Funder has lunch with Julia. They eat a big meal and drink beers. Suddenly, Julia tells Funder something: just after the fall of the Berlin Wall, she was raped.
Earlier Funder alluded to a “mystery” in Julia’s behavior—perhaps this horrific rape was the thing Funder sensed in Julia’s past.
After the Wall fell, Julia explains, she attended a wedding. That night, she met a man in her building elevator. The man stopped the elevator, hit Julia in the head, and threatened to kill her if she called for help. After the rape, he ran out of the elevator. Julia was shaken, but she found the courage to go to the police the next day. The police were cold, and Julia sensed that they didn’t believe her. However, they later caught the man, a serial rapist. In trial, Julia testified against him, which made her feel “violated all over again.” Perhaps worst of all, the new German state pardoned many criminals who were arrested at the time, so it’s possible that her rapist was released.
Julia is raped just after the fall of the Berlin Wall, at a time when many people were feeling elated and excited for the future. Instead of sharing in the collective joy, Julia got a horrific, painful reminder that her life in the new German state wouldn’t necessarily be any better than what had come before. And, maddeningly, the formation of a new German state was in some ways bad news for Julia, since it may have led to her rapist’s release from jail.

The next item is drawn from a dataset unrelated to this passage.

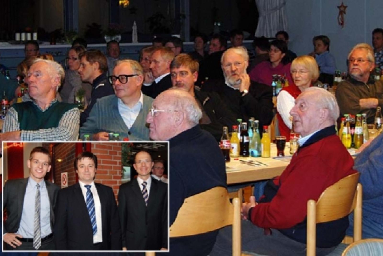 Zum fünften Mal in Folge hatten WINGAS und EWE jetzt zu einem Dezember-Infoabend in das Jemgumer DGH eingeladen. Rund 100 Zuhörer verfolgten die ausführlichen Sachvorträge von André Fisse, Ralf Riekenberg (beide EWE) und Arkardius J. Binia (WINGAS), auf dem kleinen Foto von links. © Fotos: Hoegen

After listening to Julia’s story, Funder calls up Klaus and gets drunk with him. She wakes up the next day with a hangover. In the afternoon she goes for a swim in the community pool, only to realize that people use it as a bath—and, in fact, swimming “isn’t allowed” today. Funder surveys the chaos in the pool, and realizes that it’s actually a kind of “orderly chaos,” with everyone obeying the rule against swimming. She thinks about order in other parts of German life—for example, “handicapped” people are often required to wear yellow armbands, something that initially shocked her. Fed up with “too many rules,” she leaves the pool.
Funder seems to find Julia’s story almost too painful to bear: it undercuts the usual heroic, transcendent narratives about the rise of a new German state that she’s heard. The chapter ends with the disturbing suggestion that, deep down, little has changed in Germany: the people have been conditioned to obey rules, and that isn’t going to change under the new state. Funder even implies that the legacy of the Holocaust is still present in German society—the “yellow armbands” allude to the classification marks that Jews and other “undesirables” had to wear under the Nazis.